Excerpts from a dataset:

_ _ _ _ _ _ _

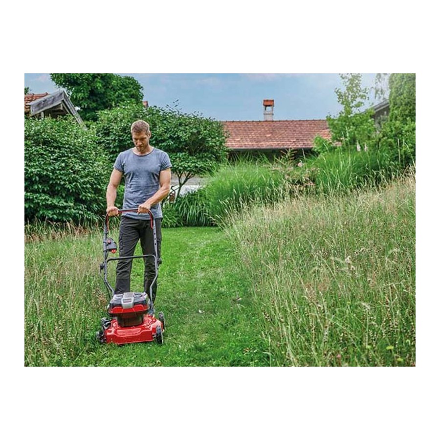 Акумуляторна газонокосарка Einhell GE-CM 36/48 Li M - Solo забезпечує ідеальну зелень у кожному куточку вашого домашнього саду – бездротова та потужна. Газонокосарка є пристроєм сімейства Einhell Power X-Change.
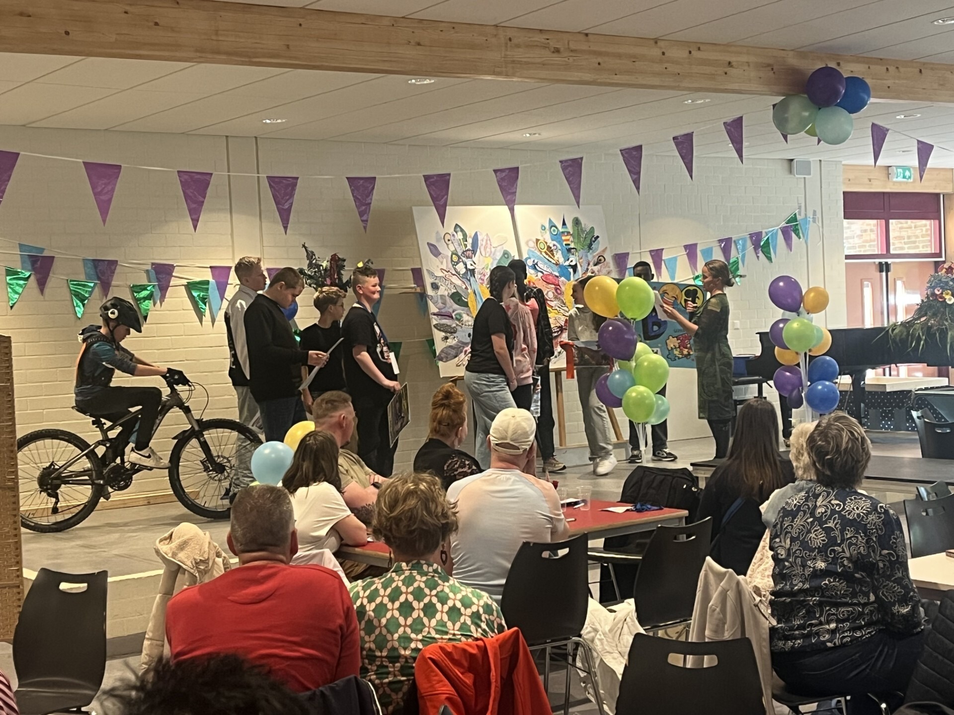 Tijdens de feestelijke bijeenkomst lieten leerlingen zien waar zij zelf trots op zijn. Dat kon van alles zijn: hun werk of stage, een sport, een hobby of een bijzondere vaardigheid. Op de catwalk verschenen kleurrijke outfits, foto’s en sportdemonstraties. Zelfs met een mountainbike en fatbike wisten leerlingen het publiek te verrassen.
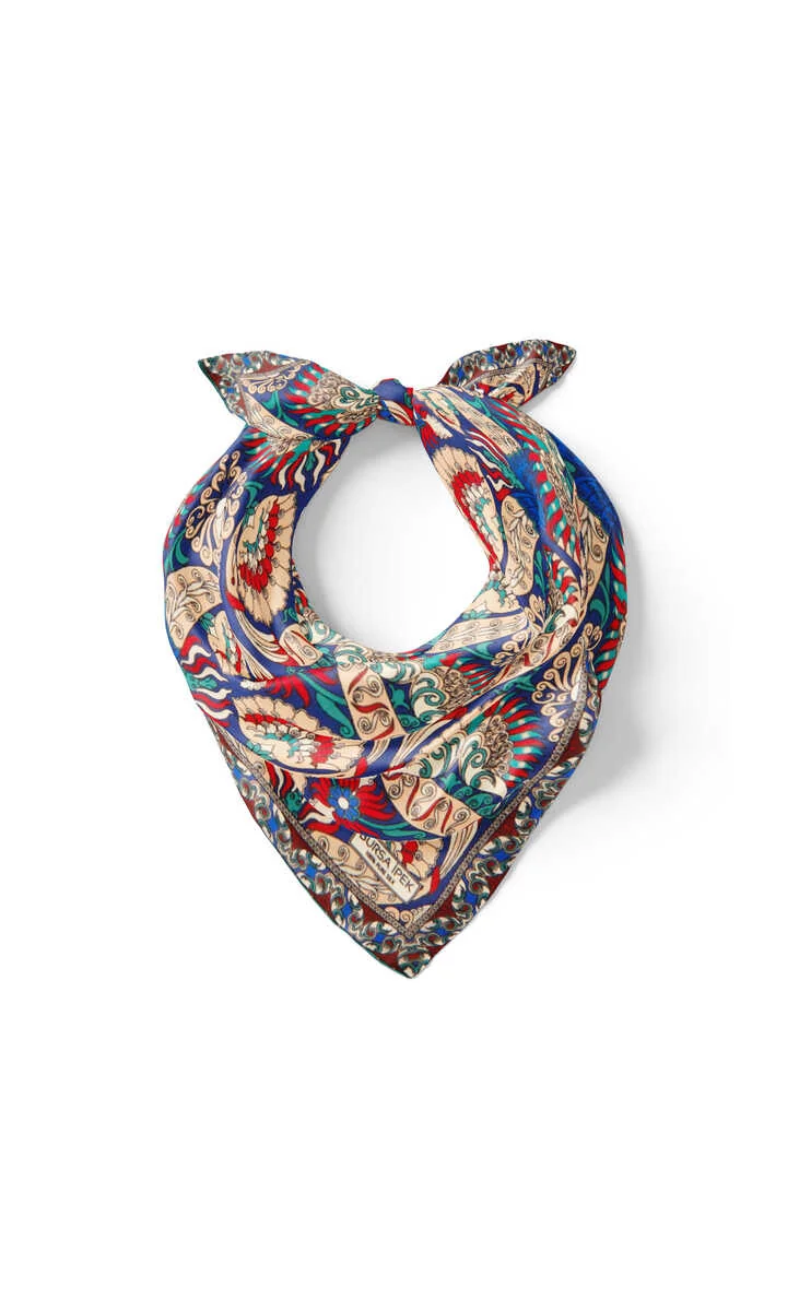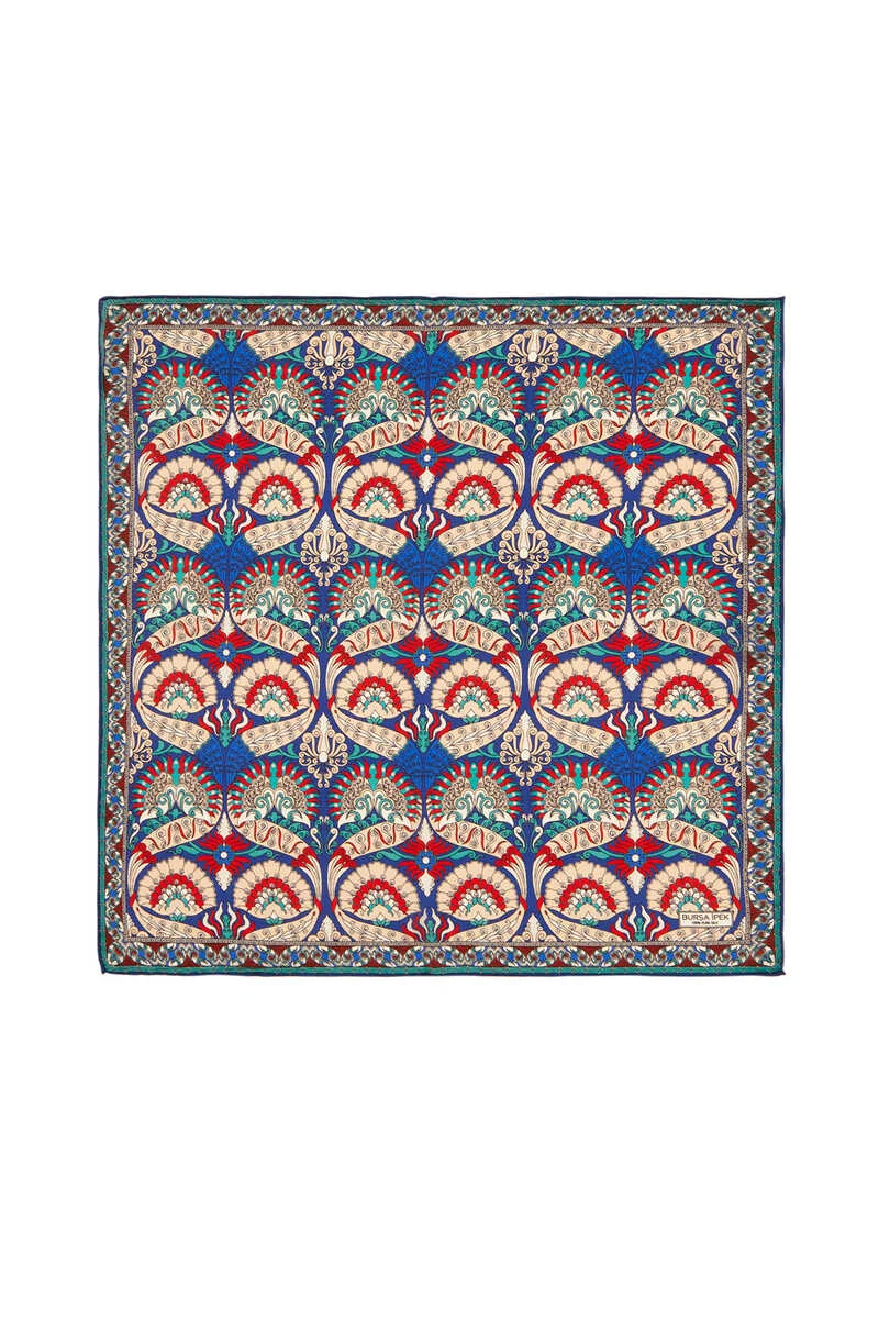 The Saks Kırmızı Tavuskuşu Desen İpek Mendil is a silk handkerchief featuring a unique peacock design in red and blue, inspired by traditional Turkish motifs. Made from 100% silk, it measures 55×55 cm and originates from Bursa, Turkey.
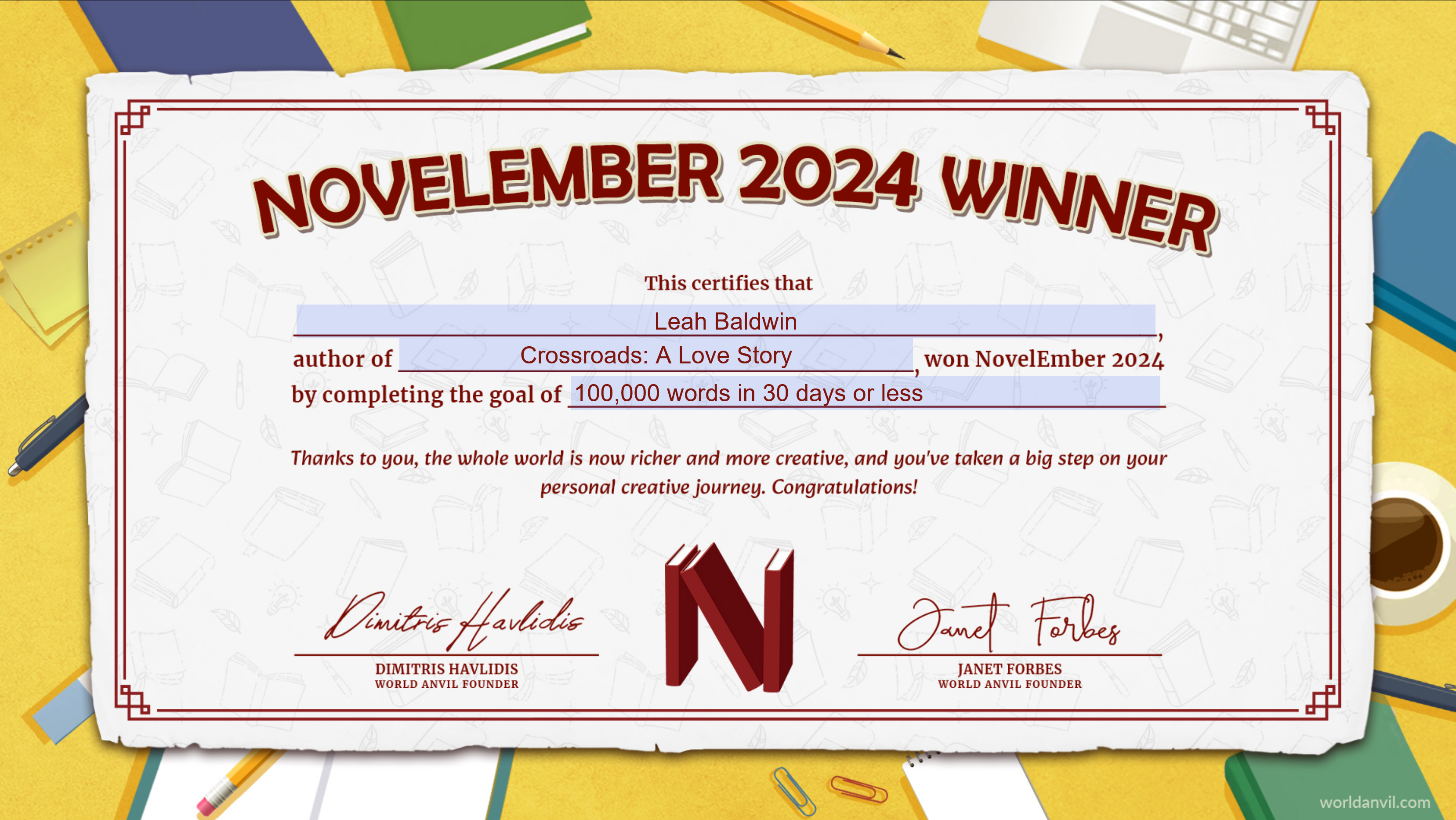 Welcome to my NovelEmber 2024 page! There isn't much in the way of blogging down below because I only kept a physical journal tracking my word count for this challenge, so the page here was added in retrospect with the little notes I did have and what I can remember. That said, you will find some pertinent details to the right. ^^
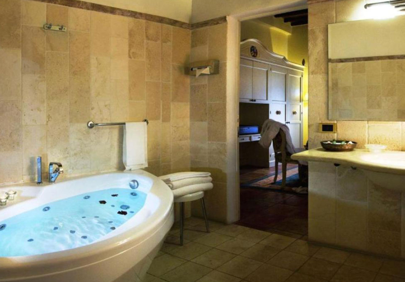 Palio: a bright suite with an enchanting view of the Crete Senesi and a beautiful hot tub, the true highlight of the room.

_ _ _ _ _ _ _

# [PROBLEM STATEMENT]
Nothing but the lines from the start of the records above through the line with "The Saks Kırmızı" should be retyped, each exactly as written; leave out all pictures.

# [RESPONSE]
 Акумуляторна газонокосарка Einhell GE-CM 36/48 Li M - Solo забезпечує ідеальну зелень у кожному куточку вашого домашнього саду – бездротова та потужна. Газонокосарка є пристроєм сімейства Einhell Power X-Change.
 Tijdens de feestelijke bijeenkomst lieten leerlingen zien waar zij zelf trots op zijn. Dat kon van alles zijn: hun werk of stage, een sport, een hobby of een bijzondere vaardigheid. Op de catwalk verschenen kleurrijke outfits, foto’s en sportdemonstraties. Zelfs met een mountainbike en fatbike wisten leerlingen het publiek te verrassen.
 The Saks Kırmızı Tavuskuşu Desen İpek Mendil is a silk handkerchief featuring a unique peacock design in red and blue, inspired by traditional Turkish motifs. Made from 100% silk, it measures 55×55 cm and originates from Bursa, Turkey.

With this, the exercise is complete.